While the FLN can explain the hierarchical organization of rhythmic groupings and pitch relations, it does not explain the culturally universal associations of simple harmonic ratios as consonant and more complex ratios as more dissonant. Furthermore, language, unlike music, is not interpreted in relation to a steady pulse (Patel, 2003). The perception of simple frequency ratios as consonant and and complex frequency ratios as dissonance can be attributed to the mechanisms underlying ASA, which group sounds together based on the overlap in their harmonic makeup. In regards to the limitations placed by every culture in the form of scales of discrete notes, Miller suggests that the fundamental constraints of short term memory explain why humans can only manage the relationship between “7, plus or minus 2” pitches at a time (1956).
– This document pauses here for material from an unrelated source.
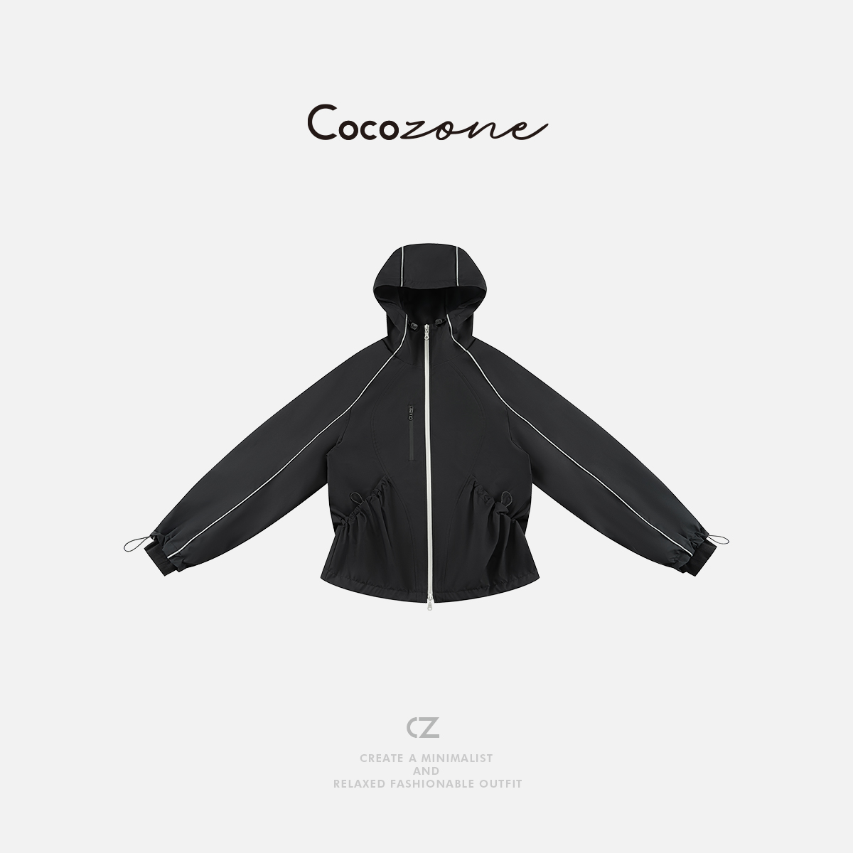 COCO ZONE 刘一一 春季户外袖口可抽绳连帽双头拉链外套CD2A0004

Tension and release are highly contextual (both musicologically and culturally), but comprise the basic lexicon of musical grammar (Lerdahl, 2001).
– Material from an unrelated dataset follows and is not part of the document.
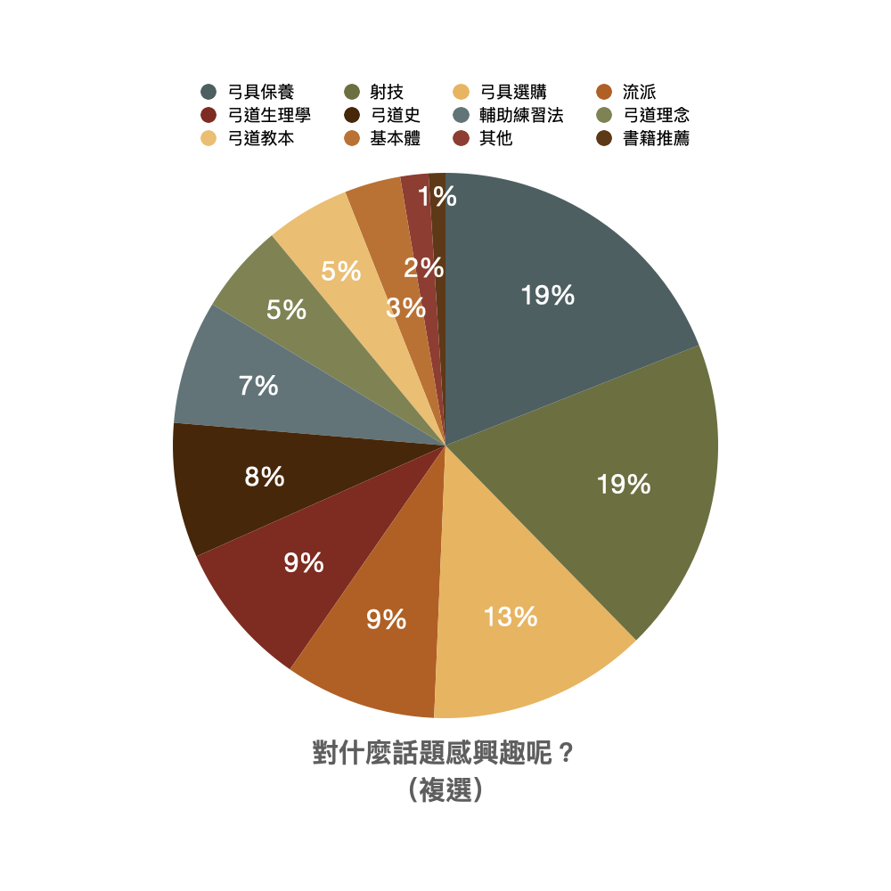下圖是「對什麼話題感興趣」的結果。說實在的,That’s a shock! 從「射技」的角度來說,包含「弓道生理學」「輔助練習法」共占35%,這也剛好跟此部落格內「射技」相關文章的佔比類似。但一直以為「射技」會是拔得頭籌,結果前三強中居然「弓具保養」與「弓具選購」佔了32%,而「流派」這話題也意外地占了9%。看來接下來應該要增加「弓具保養與選購」以及「流派」相關文章(可能會因此稍微某些人嫌…)。

The vocal learning and rhythmic synchronization hypothesis (VLRSH) suggests that the tendency to interpret and physically move to a steady rhythmic pulse (beat perception and synchronization, or BPS) emerges from a robust connection between the circuits for auditory learning and motor movement (Patel, 2006). This connection is necessary in species that demonstrate vocal learning, such as humans as well as several bird species, including songbirds and parrots. Empirical evidence shows that BPS is absent from humans’ primate relatives, but common to species who evolved vocal learning in convergence, indicating that BPS is a byproduct of the connections between the auditory system and motor systems related to interval timing (Patel et al., 2009). Experiments demonstrating BPS in sea lions – which are not known to be vocal learners – offer a challenge to the VLRSH (Rouse, Cook, Large, & Reichmuth, 2016), but the lack of data on the full extent of vocal learning in sea lions and the evidence for vocal learning in other pinnipeds renders this an ongoing debate (Patel, 2021).

Music and Communication

Based on the research outlined above, I propose three types of parallel musical information processing: semantic interpretation, effective interpretation, and metric interpretation. In semantic interpretation, inferences about a state of being are drawn from a set of musical sounds. This includes the learned association of sounds with meanings, encompassing a variety of sonic metaphors (up/down, fast/slow), representations of real concepts (instruments, binaural positioning), and culturally or evolutionarily trained evocations (threat responses triggered by low frequency information [Leventhal, Pelmear, & Benton, 2003]). In the case of music with accompanying lyrics, the sung lyrics carry semantic information in the form of language as well as the character of the voice, though some elements of vocal timbre are effective, rather than semantic.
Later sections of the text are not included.